People in low-income countries tend to believe that they will be better off financially in the future, while people in rich countries consider it unlikely.

But about pessimism Personal circumstances of one can easily become pessimistic about the world.

Polls in the United States have found that people who see little hope for personal financial progress also feel the country as a whole is deteriorating and disapprove of political leaders.

The erosion of safe jobs for the working class, as manufacturing workers flee overseas and trade unions weaken, is believed to have accelerated much of the Western populist reaction.

Unsurprisingly, from this perspective, Americans viewed the 1990s as a time of global peace and prosperity, even though it was primarily a time of peace and prosperity for Americans.

But stagnant economic fortunes aren’t the only cause for pessimism in rich countries.

Of all the metrics that show steady improvement in the world, there is one that the world really has to deal with dramatic and destabilizing erosion:

democracy.

An era of democratic decline

For seven decades, the number of countries considered to be democratic has grown.

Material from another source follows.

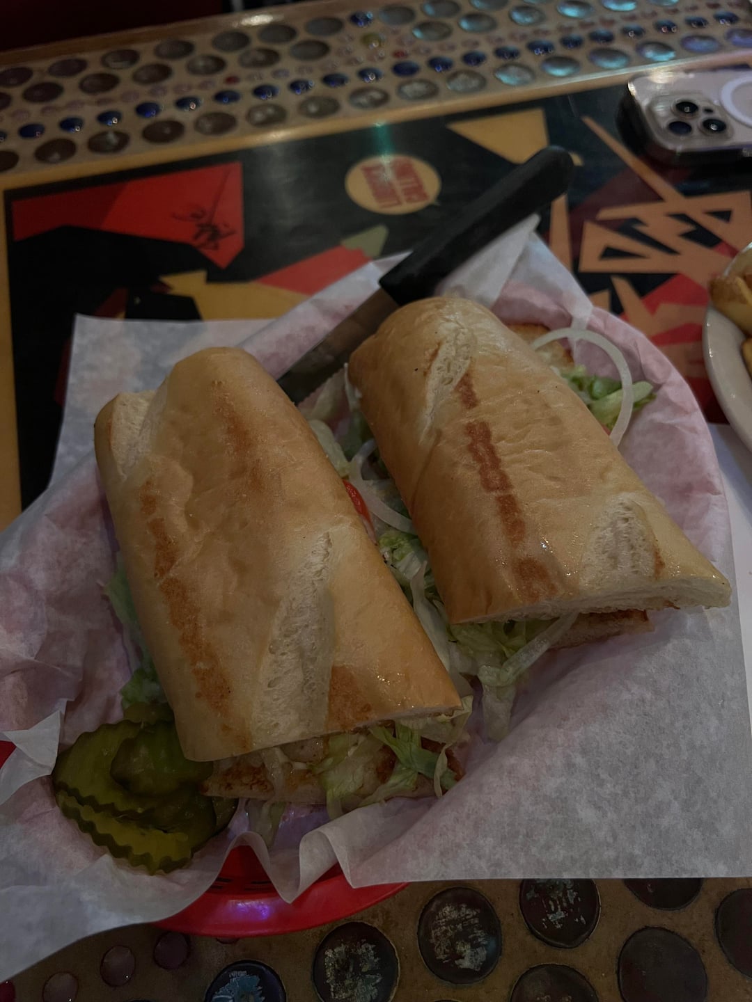 Grilled Shrimp Poboy (large $15.99) – french bread is perfect, packed with shrimp.

The average quality of these democracies – fairness in elections, the rule of law and the like – has also steadily improved.

However, that increase began to decline about 20 years ago.

And for five or six years, researchers have found that the number of democracies in the world has been reduced for the first time since World War II.

Existing democracies are also becoming less democratic, more polarized and more prone to political dysfunction or total collapse.

Consider the rise of strongman rule in Hungary, Philippines or Russiaattacks on courts in PolandHindu extremism in Indiafears of a power cling Brazil.

These can be particularly serious cases, but they are the forefront of a global trend.

The same is true of the United States, a country widely described by democracy observers as being in a phase of a sustained erosion.

As richer countries are more likely to be democratic, they are more likely to be affected by this trend.

This may speak to the growing pessimism in those countries.

It can also help explain why, to Americans, it may seem that the world as a whole is falling apart.

For Americans who have spent most of their lives in a secure and stable society, the transition to a seemingly never-ending political crisis is destabilizing.

It can make the world seem darker and scarier, which can also make you feel more distant events scary or more annoying.

People naturally look for role models in the world.

Experience something once, especially if that experience is traumatic, and you will start seeing it everywhere.

For Americans who have suddenly tuned in to say, internal threats of election theft or civil unrest, similar events taking place overseas will suddenly be heard. much more visceral.

This can add up.

A handful of distant crises that Americans might have dismissed as unrelated 30 years ago may, today, seem connected.

It might even seem like evidence of a global collapse.